George Russell claims British Grand Prix pole position with all-British top three in qualifying

George Russell delivered for his home crowd by landing a brilliant pole position for the British Grand Prix.

The Englishman held his nerve in a wet-dry qualifying session at Silverstone to see off team-mate Lewis Hamilton by 0.171 seconds as Mercedes locked out the front row.

McLaren's Lando Norris completed a British one-two-three ahead of an anticipated 160,000 sell-out crowd for Sunday's race.

Championship leader Max Verstappen, who ran through the gravel in Q1, sustaining possible damage to the floor of his Red Bull, could manage only fourth.

The build-up to Formula One's third round in as many weeks has been dominated by Norris' late collision with Verstappen as they duelled for the lead in Austria six days ago.

Russell took advantage of the coming together to claim just his second career win and the 26-year-old was back on top at Silverstone to land pole for his home race.

Russell held a six-thousandths advantage over Norris heading into the final runs only to see Hamilton charge to the top of the order.

But Russell denied the seven-time world champion his first pole since the F1 Hungarian Grand Prix last year - 350 days ago - to put his machine on pole. Norris failed to improve his with last lap, finishing 0.211 sec back.

"What a feeling," said Russell. "At the start of this year we couldn't have even dreamt of being on pole.

"The car at the moment is feeling so good, it really came alive, and what a joy to ride around this circuit. The crowd give us so much energy, and I don't think Silverstone could've dreamt of three Brits in the top three."

Hamilton said: "We definitely didn't expect to be on the front row this weekend but this is huge for us as a team. The car felt fantastic out there."

Norris, 81 points behind Verstappen in the championship, added: "It's meant to rain again tomorrow, so I'm excited. We're quick and I can bring the fight to George tomorrow."

Red Bull have dominated the sport for the past two-and-a-half years but their supremacy appears as though it is finally coming to an end.

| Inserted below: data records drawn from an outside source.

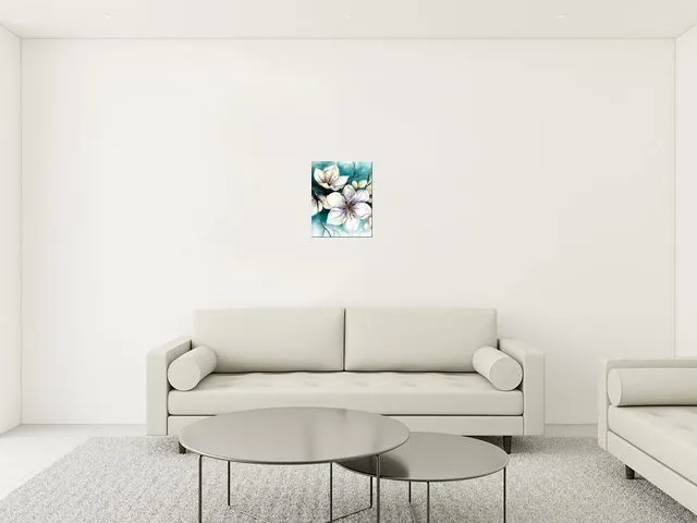 Luxusný obraz na stenu Puky višne v tyrkysovej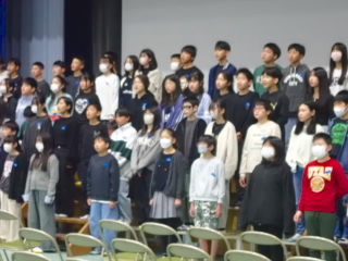 明日の卒業式に向け、6年生が最後の練習をしました。歌と呼びかけが中心です。強く歌うところ、歯切れよく歌うところなどを気を付けるよう教えてもらうと、みるみる上手に歌えるようになっていきました。最初聞いたとき位は、「上手だなあ」くらいに思っていたのですが、指導を受けた後の歌を聞いた時には鳥肌が立ち、涙が出そうになってしまいました。明日の卒業式とても楽しみです。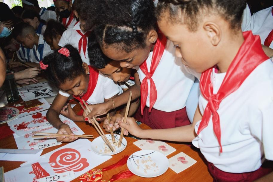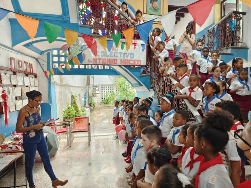 2023年6月1日,哈瓦那大学孔子学院联合Antonio Maceo小学举办儿童节庆祝活动。该小学以纪念古巴民族英雄Antonio Maceo而得名。孔院十余名中古方教师走进古巴小学,笑语欢歌庆祝六一的同时,也让古巴儿童近距离接触体验“新奇”的中国文化。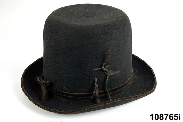 "108765 a-l Mansdräkt, Dalarna Leksands sn, bestående av a skjorta, b rock, c väst, d byxor, e förskinn, f strumpor, g handskar, h skor, i, j 2 hattar, k långhalsduk och l löskrage. Ink. 1907 25/2 Persson Kann Lars, Djura, Leksand, gm Pettersson Anna, Stockholm. Bil."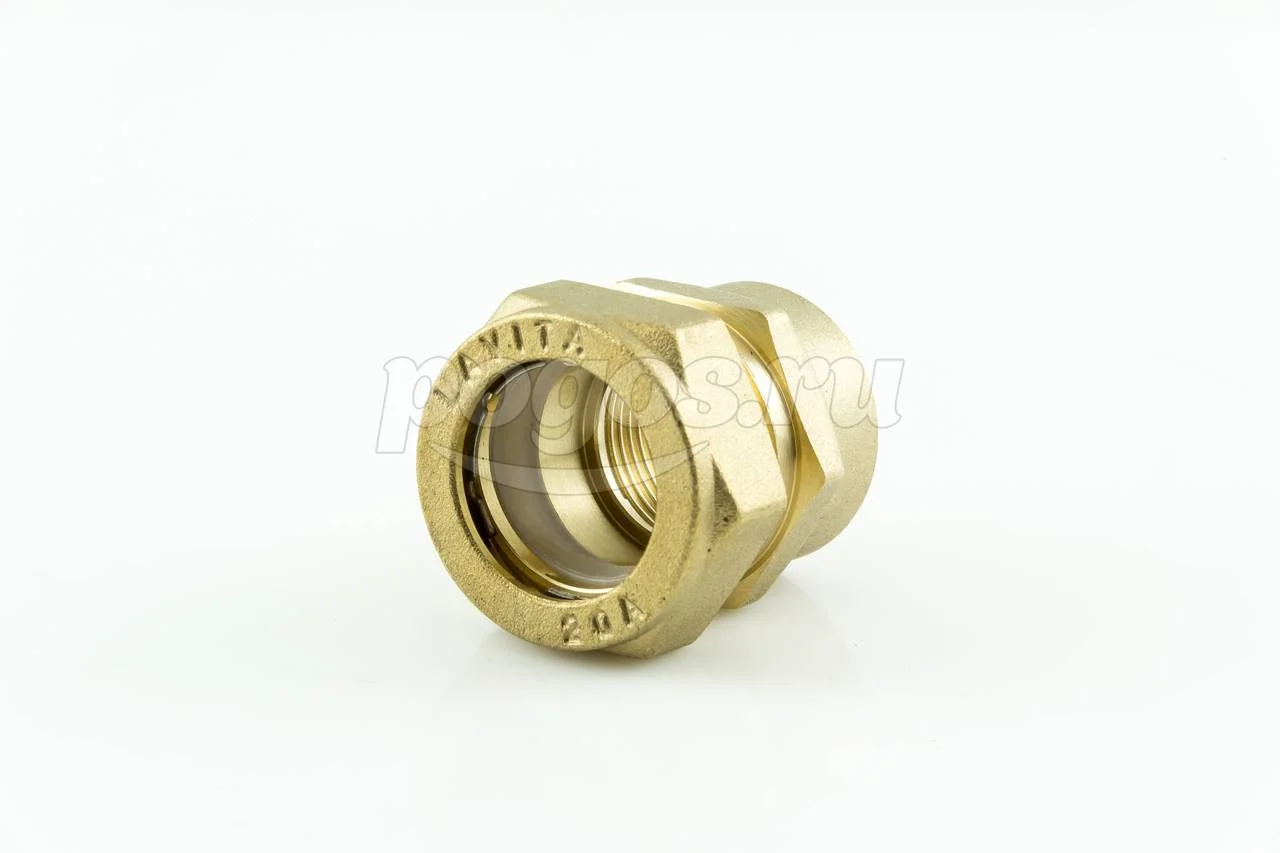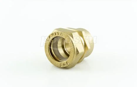 При сборке фитинга конец трубы одевают в латунный фитинг ослабленной накидной гайкой до конца и затем затягивают гайку.

Verstappen only snuck through to Q2 after he ran through the gravel through Copse - the same corner where Hamilton punted him out of the race in 2021.

The crowd cheered Verstappen's off-road excursion but the Dutchman was able to recover back to the track before hauling his Red Bull safely up the order. However, he was a distant 0.384 sec behind Russell in the end. Oscar Piastri finished fifth for McLaren with Nico Hulkenberg a surprise sixth for Haas.

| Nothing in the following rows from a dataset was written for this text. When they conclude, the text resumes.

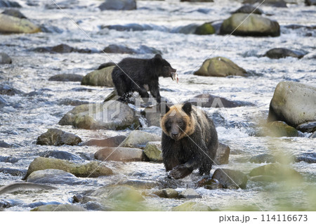 【北海道_ヒグマ】冬眠に備え狩猟をする親子ヒグマ 知床 10月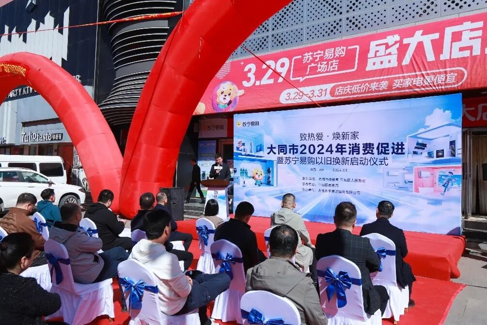 响应国家政策号召,苏宁易购迅速推进以旧换新活动落地。继3月26日率先联合超30家家电生产企业签署《以旧换新行动联合公告》,3月29日苏宁易购全国36个大区举办启动仪式,包括北京、西安、成都、上海、徐州、贵阳、昆明、兰州、济南等,全面开启换新活动。数据显示,3月29日补贴开启当天,苏宁易购门店家电以旧换新订单占比近60%,门店客流大幅上涨。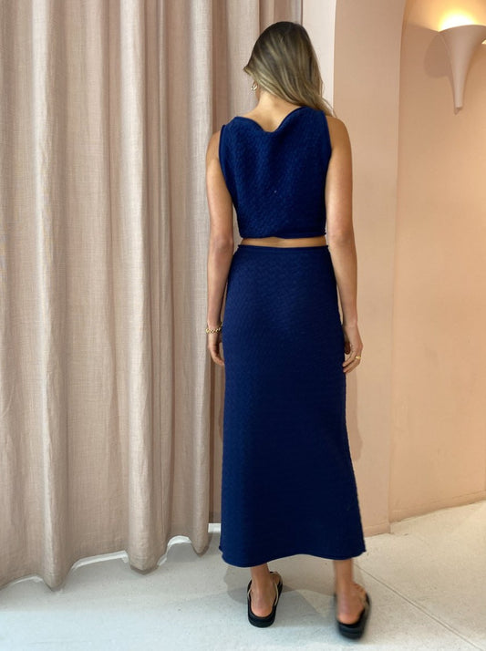 Bec + Bridge are adding texture to your investment wardrobe with the timeless Effie Knit Cut Out Dress in Ink.

Despite signing a two-year extension to stay at Red Bull just over a month ago, Sergio Perez's future is in doubt once again following a poor run which has seen him score just 15 points in his last five appearances. And Perez will start only 19th after he crashed out of Q1. Perez had just switched from the intermediates to dry rubber when he ran wide at Copse before hitting the damp asphalt and spinning into the gravel.

"Can they move me forward?" said Perez over the radio. "All I need is to be pushed back. There is tarmac over there."

However, Perez's race engineer Hugh Bird informed the Mexican that help from the marshals would see him disqualified. Perez was out, leaving team principal Christian Horner shaking his head on the Red Bull pit wall.